Records contained in a dataset:
******

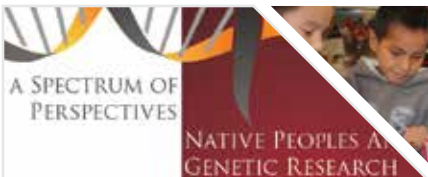
NCAI PRC co-hosts "A Spectrum of Perspectives: Native Peoples and Genetic Research" at the National Museum of the American Indian with the National Human Genome Research Institute
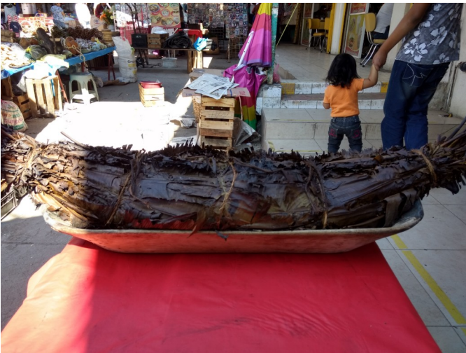
Cooking School Fair:
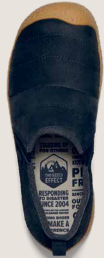
Men's Howser Harvest | $125 Black
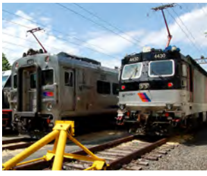
New Jersey Transit
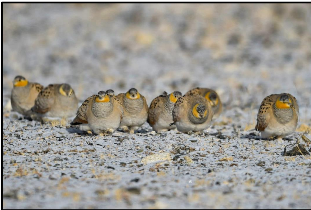
A family of Tibetan Sandgrouse is a delightful sight while birding on the plateau.

The tour begins in Xining, where we start our birding in the local hills, and ancient conifer woods of Dongxia Forest Park to the north of Xining, for Przevalski's Partridge , the beautiful White-browed Tit-warbler , and Crested Tit-warbler , Przevalski's Nuthatch , endemic thrushes, leaf warblers, and vivid Qilian Bluetail (recently split and now a breeding endemic). Leaving the capital, we drive to our next hotel located on the shores of the vast and spectacular Qinghai Lake . Against a breathtaking mountainous backdrop we will bird the wetlands around the lake, targeting
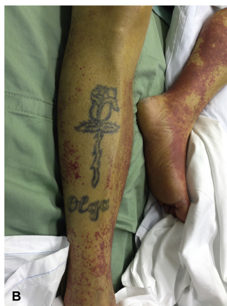
Fig 2. Palpable purpura exhibiting a “sparing phenomenon” with a 2- to 3-cm halo around a tattoo on the (A) right anterior thigh and (B) right anterior leg.

demarcated by the tattoo. The authors proposed several etiologic explanations for the sparing phenomenon over tattooed skin. These included the use of Hamamelis virginiana , a component of tattoo ink with known anti-tumor necrosis factor and anti-reactive oxygen species properties that may have had an inhibitory effect on the development of vasculitis, the potential of the tattoo dye to act as a photoprotective factor against light penetration into the dermis, and microvascular changes caused by tattooing.
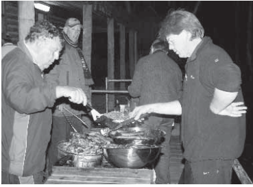
Bar-B-Q-ing is a 'Committee' Thing
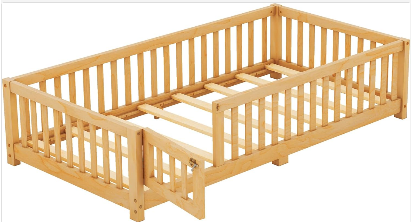
Figure 3.1: Overview of the bed frame components, showing the open door section.
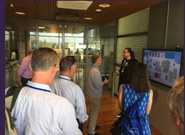
Tieto Empathic Building, former Nokia HQ
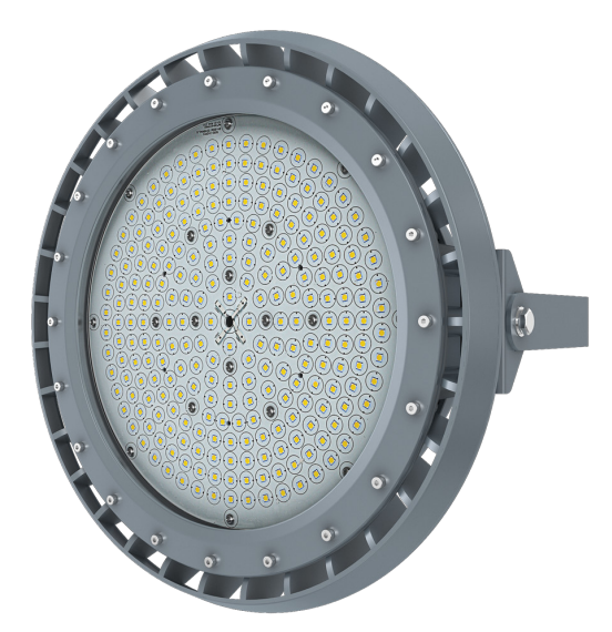
Accessories (not included)
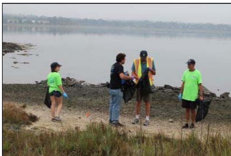
Volunteers with the WCLZ Back Cove Cleanup.
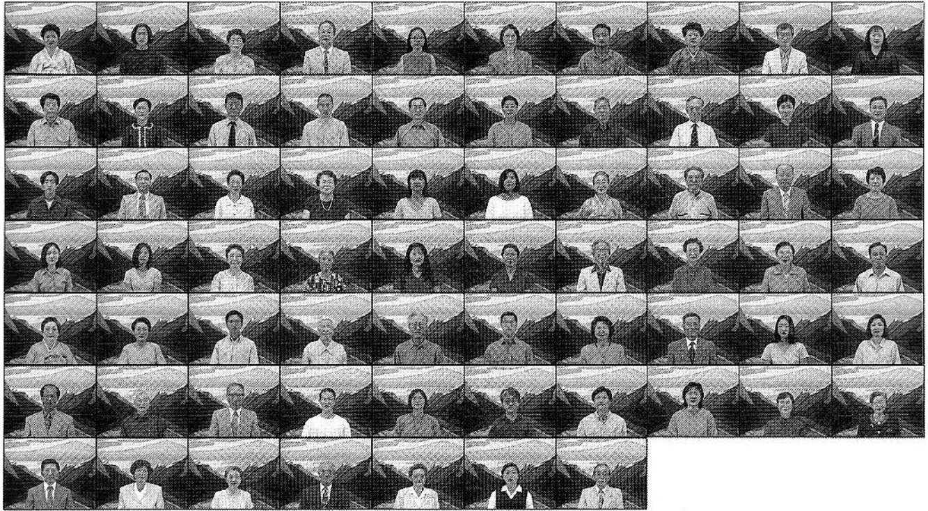
Figure 2. Jin-me Yoon, A Group of Sixty-Seven , 1996. Chromogenic print, 47.6 × 60.3 cm. Vancouver, Vancouver Art Gallery, Vancouver Art Gallery Acquisition Fund.

identify as well as to confuse each pair's possible readings, presenting the viewer with several means of interpreting the pairs and the work as a whole.

******

WHAT YOU WILL DO ->
Only the lines from the start of the records to the line with "A family of" belong in the copy. Print them exactly, minus pictures.

TASK OUTPUT ->
NCAI PRC co-hosts "A Spectrum of Perspectives: Native Peoples and Genetic Research" at the National Museum of the American Indian with the National Human Genome Research Institute
Cooking School Fair:
Men's Howser Harvest | $125 Black
New Jersey Transit
A family of Tibetan Sandgrouse is a delightful sight while birding on the plateau.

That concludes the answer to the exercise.